Followers on Facebook and Instagram know that I have been at Duke University for the past week. I did not talk much about where I was spending my vacation. For some reason, I felt that I wanted to hold it close before I went. I had not planned on posting while I was gone either but I could not help but share the surprises of the week and part of what God was doing in my life via social media. This is only a brief overview of the week. I am sure that I will be writing more in the weeks to come.
The Summer Institute at Duke Divinity is sponsored by the Center for Reconciliation. I am not sure that I entirely understood what I was getting into when I went, and I am not sure I totally understand what my role is in the work going forward.
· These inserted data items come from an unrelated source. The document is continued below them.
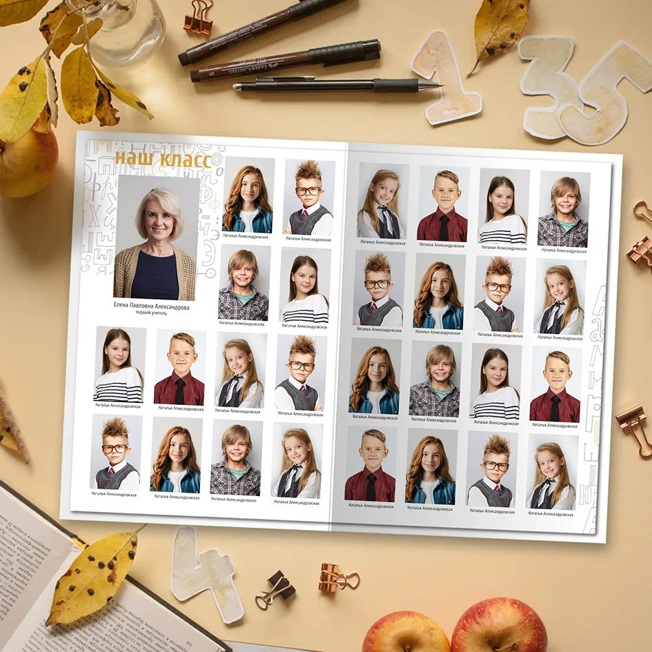 1 разворот — виньетка (фото детей и классного руководителя с именами)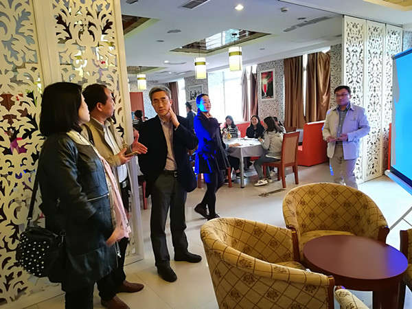 在云南财经大学,旅游与酒店管理学院党总支书记王小永、院长晏雄对考察组的到来表示热烈欢迎,晏院长介绍了云南财大旅游与酒店学院的基本情况,特别强调其国际化、创新性的办学思路。王书记结合党建和学生工作详细介绍了学院的经验和做法。会展教研室主任李雪松介绍了会展专业的专业定位、智慧实训室和创新创业团队的建设情况。之后在王书记的带领下参观了学院的各职能部门和图文资料,学院干净的办公环境、规范的办公流程和完善的管理制度为考察组留下深刻印象。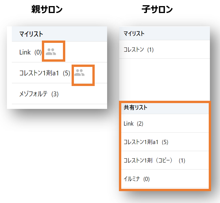 ※親サロンが共有リストを編集すると、子サロンの共有リストにも変更内容が反映されます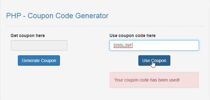 - <h3 class="text-primary">PHP - Coupon Code Generator</h3>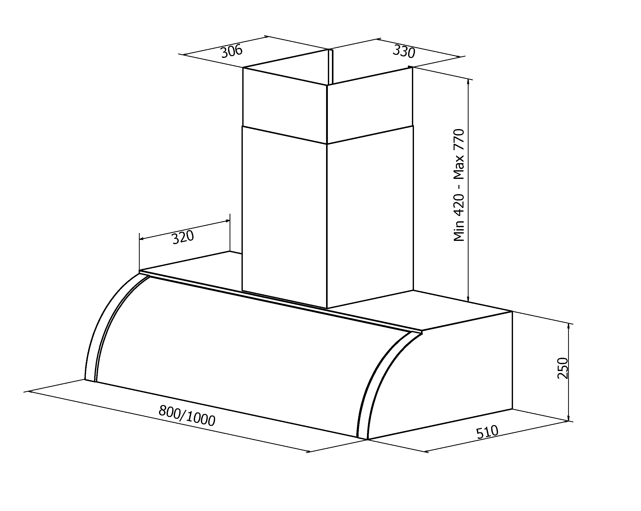 Often, the actual extraction is half of the motor capacity, due to poor installation. Use ducting that creates the least possible resistance. This means using ducting that is as smooth as possible inside with as few bends possible. In the case of flexible ducting, make sure the ducting is taught. Try to keep the distance of the ducting as short as possible. In situations where the distance is large and requires lots of bends, it’s best to get a hood with the highest possible extraction to compensate for the loss.

There is much to do and I know that I am going to be discovering where I fit. I know at the heart of the work is love – for Jesus, for one another and for the world.
Each day had a theme: New Creation, Lament, Hope, Spirituality, Sending. Each day began and ended in worship that deepened my faith. Languages of participants from 16 countries surrounded us as we sang and prayed . During the day we listened, learned and studied. There were discussions with brothers and sisters engaged in work of reconciliation around the world. We prayed, sang, laughed, and were silent. Meals were a time to develop relationships. Difficult questions were posed by the leaders that I will be reflecting on and praying about for weeks and months to come. Faculty members were generous with time, listened and advised.
On the way home I was blessed to spend time with Diana Collymore who works for IVCF. We talked about Urbana and I told her about the importance of Urbana to my faith during college. 2015 dates are on my calendar to return as an alum. I also had a chance to spend more time with John Perkins while we were waiting for our connecting flights.
The title of this blog came from something William Turner said when he spoke to us in the Common Journey on the day of hope. I am already seeing the details following a yes that I proclaimed last week. The gifts of this week were too many to recount here or to try to explain in words. I left with much to reflect upon and will write more about the experience.